Provided data –
╭──
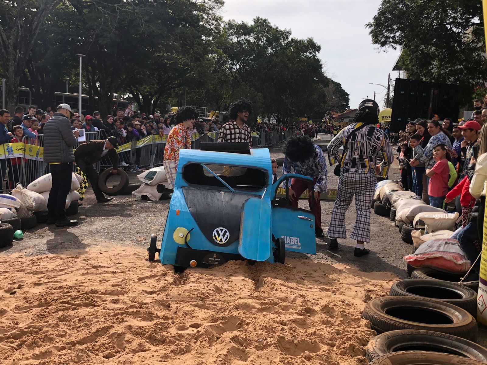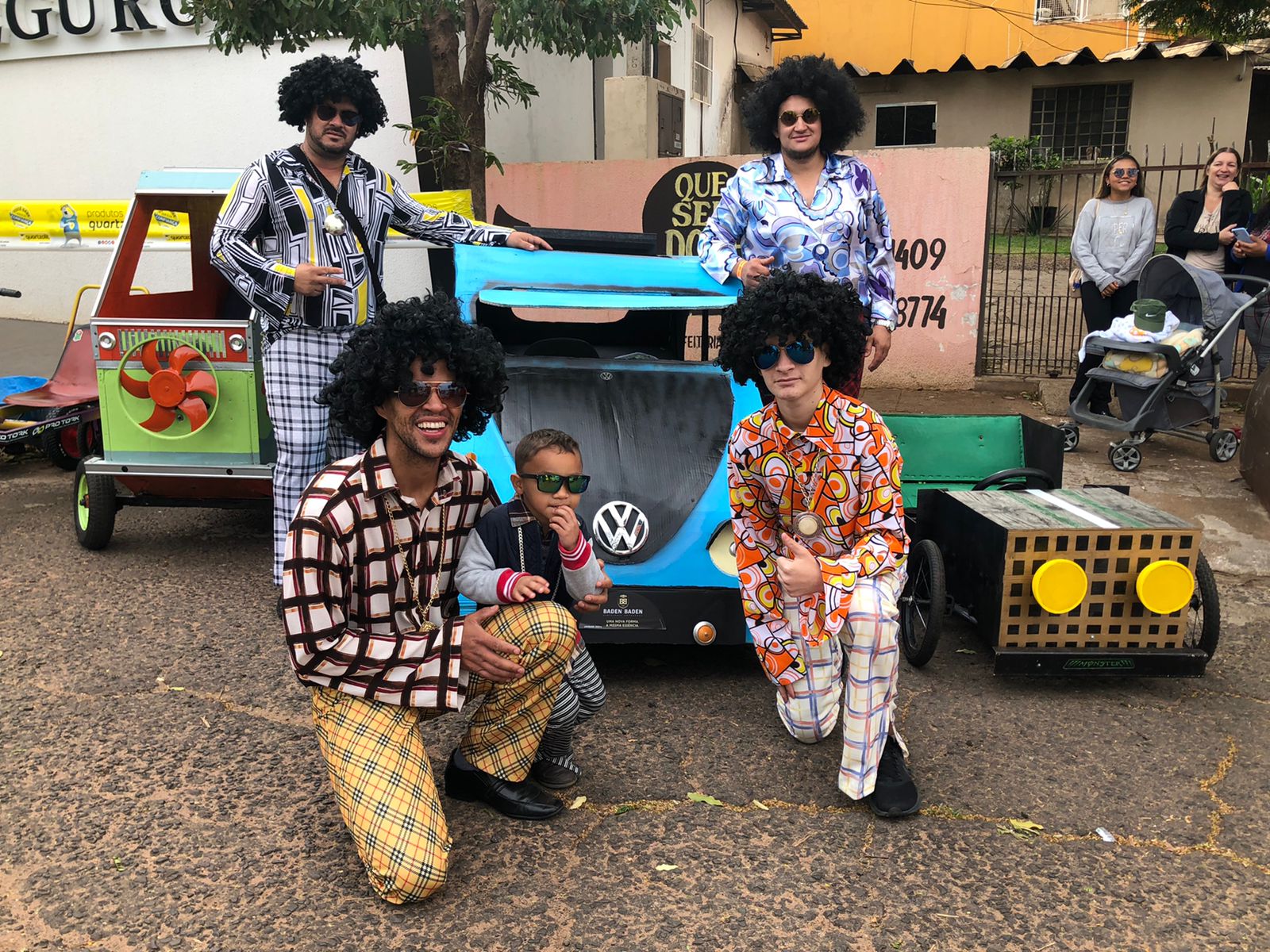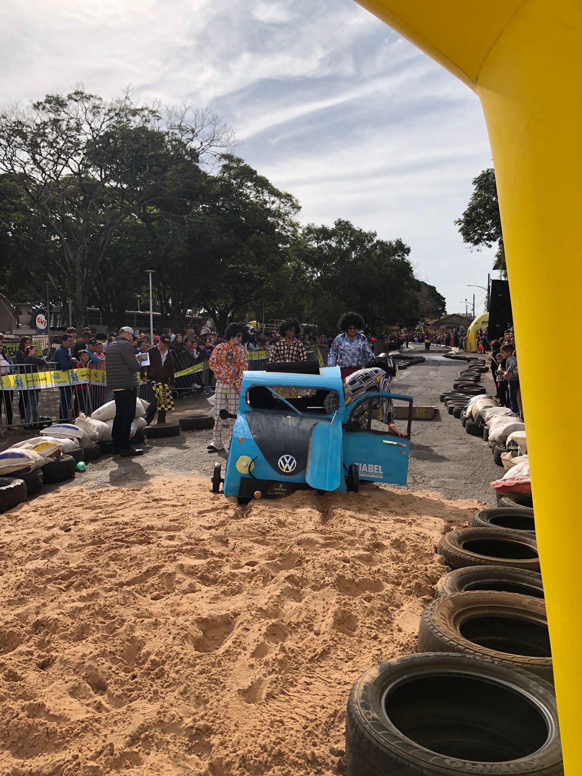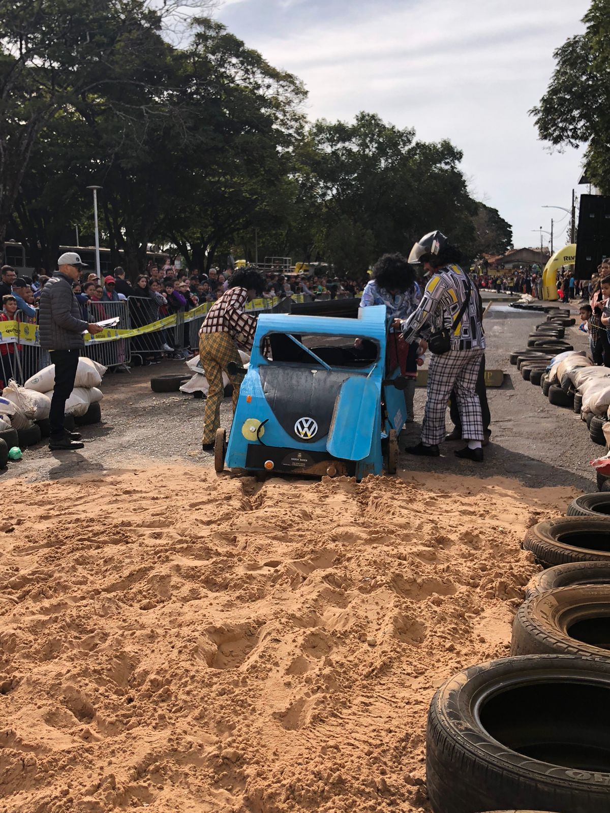 Outro carro que chamou bastante atenção de quem passava por ali foi o fusquinha azul, da equipe Os Herbes. Inspirados no filme, eles fizeram a estrutura toda de madeira e o acabamento inteiro em papelão. O volante foi soldado por um dos participantes que utilizou correntes para dar vida ao carro.
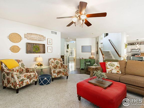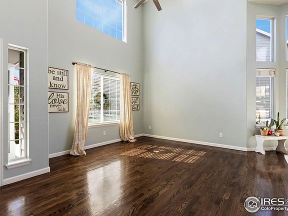 Welcome home to the perfect blend of comfort and Colorado living in the heart of Water Valley! From the moment you step inside, the soaring ceilings and beautifully sunlit entry welcome you to a spacious main floor featuring a double sided staircase and a floor plan perfect for holiday entertaining. The updated kitchen and hardwood floors flow seamlessly into breakfast nook and family room featuring a gas fireplace. The main floor offers a half bath and laundry/mudroom leading to oversized 2-car garage. Upstairs, four spacious bedrooms provide room for everyone while the basement offers a versatile flex room with a half bath and built in storage/craft tables. The home has a new, expansive covered patio, perfect outdoor entertainment. The exterior has a fresh coat of paint (2024) as well as a fully fenced, expansive backyard and mature landscaping. This golf cart community offers walking trails just steps away as well as multiple community lakes for fishing, swimming, paddle boarding, parks, pickleball courts and much more. Take a short walk or golf cart ride to Pelican Lakes 27 hole golf course, restaurants or pool (available with membership). This home is a must see!
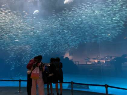 水族館の見学です。名古屋港水族館でしか見れない生き物も多くて、興味津々で見ています。
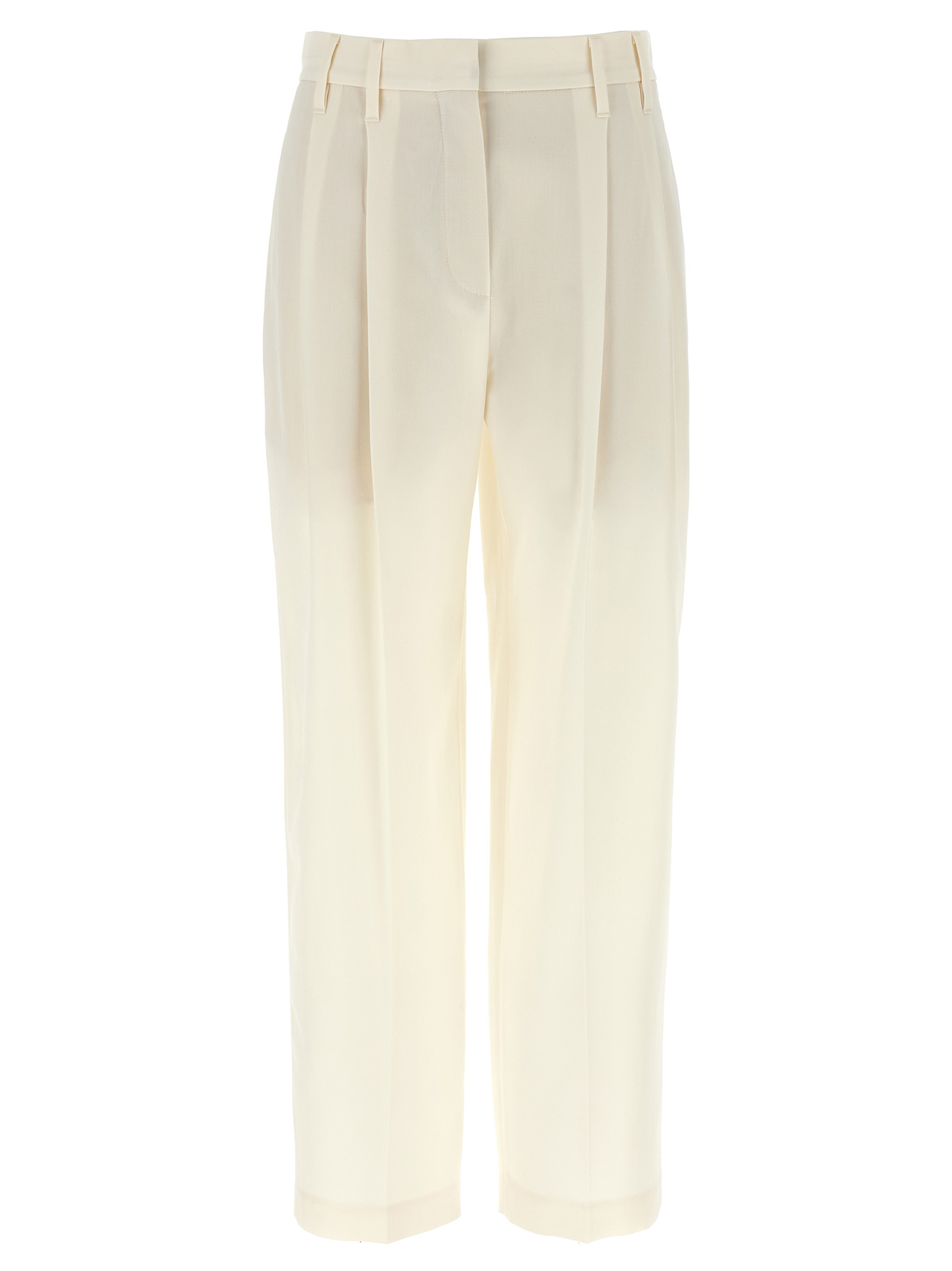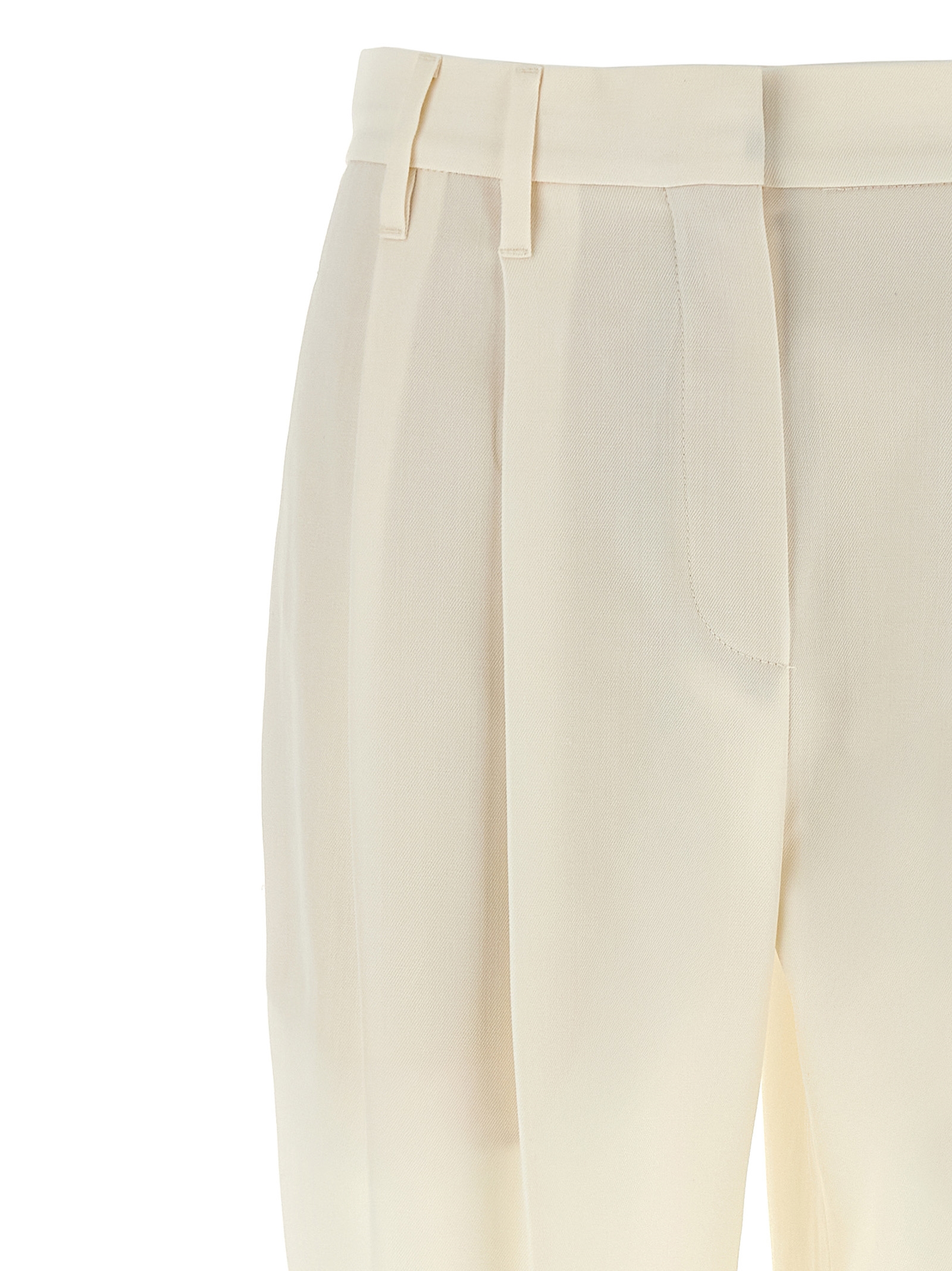 Wool and cotton blend pants, pins, zip, hook and front button closure, pockets, ironed pleat, back Monile detail.
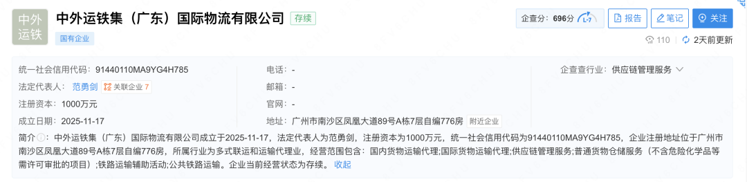 此外,中外运铁集(广东)国际物流有限公司也于近期成立,注册资本1000万元,所属行业为多式联运和运输代理业,经营范围包含国内货物运输代理、国际货物运输代理、供应链管理服务、普通货物仓储服务(不含危险化学品等需许可审批的项目)、铁路运输辅助活动、公共铁路运输等。
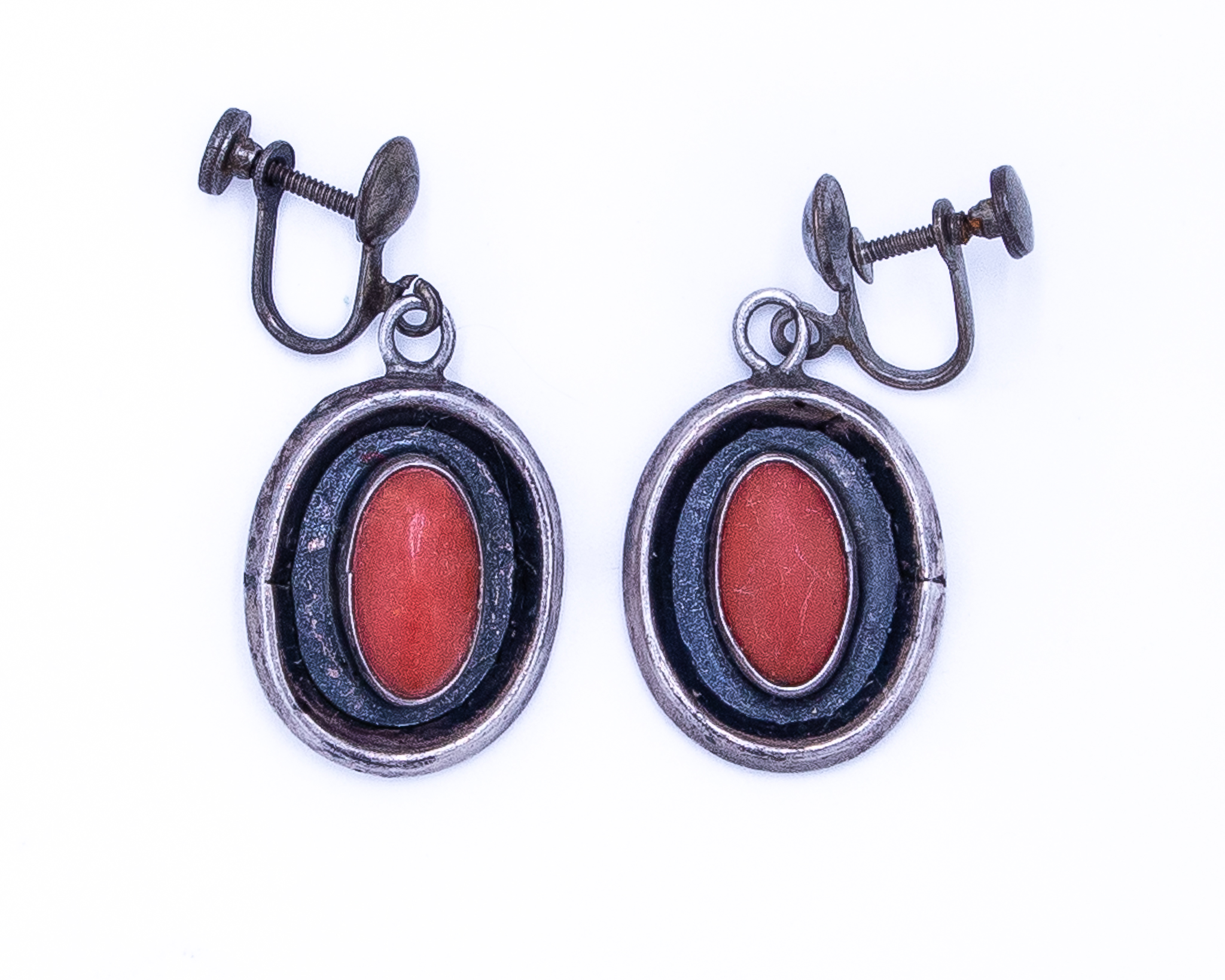 Vintage Navajo Coral Sterling Shadow Box Earrings 13g
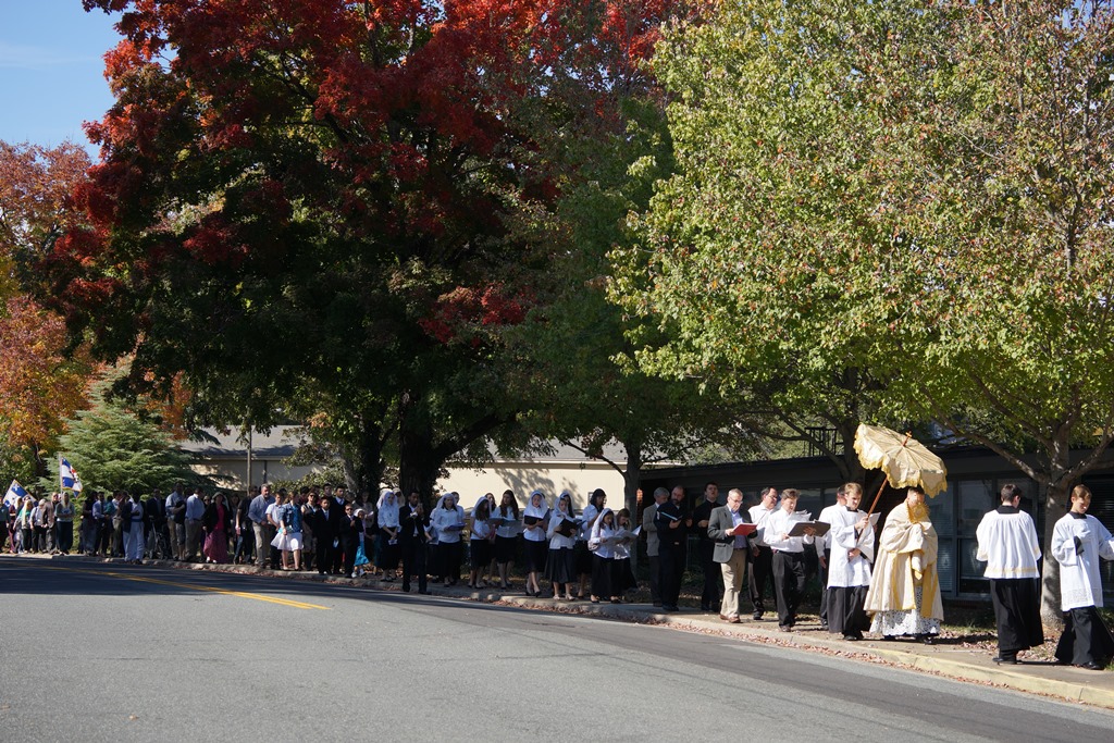 A record crowd of 340 people attended Mass and the Procession today and it was this weekend’s highest attended Mass. We also had visitors from as far two hours away – a remarkable sign of faith of how many and how far people will come to honor Christ’s Kingship.
╰──
What you have to do – The answer must be an exact transcription of the lines from the one containing "此外,中外运铁集(广东)国际" through the last line of the records above, both included, with no pictures.

Result of the task –
 此外,中外运铁集(广东)国际物流有限公司也于近期成立,注册资本1000万元,所属行业为多式联运和运输代理业,经营范围包含国内货物运输代理、国际货物运输代理、供应链管理服务、普通货物仓储服务(不含危险化学品等需许可审批的项目)、铁路运输辅助活动、公共铁路运输等。
 Vintage Navajo Coral Sterling Shadow Box Earrings 13g
 A record crowd of 340 people attended Mass and the Procession today and it was this weekend’s highest attended Mass. We also had visitors from as far two hours away – a remarkable sign of faith of how many and how far people will come to honor Christ’s Kingship.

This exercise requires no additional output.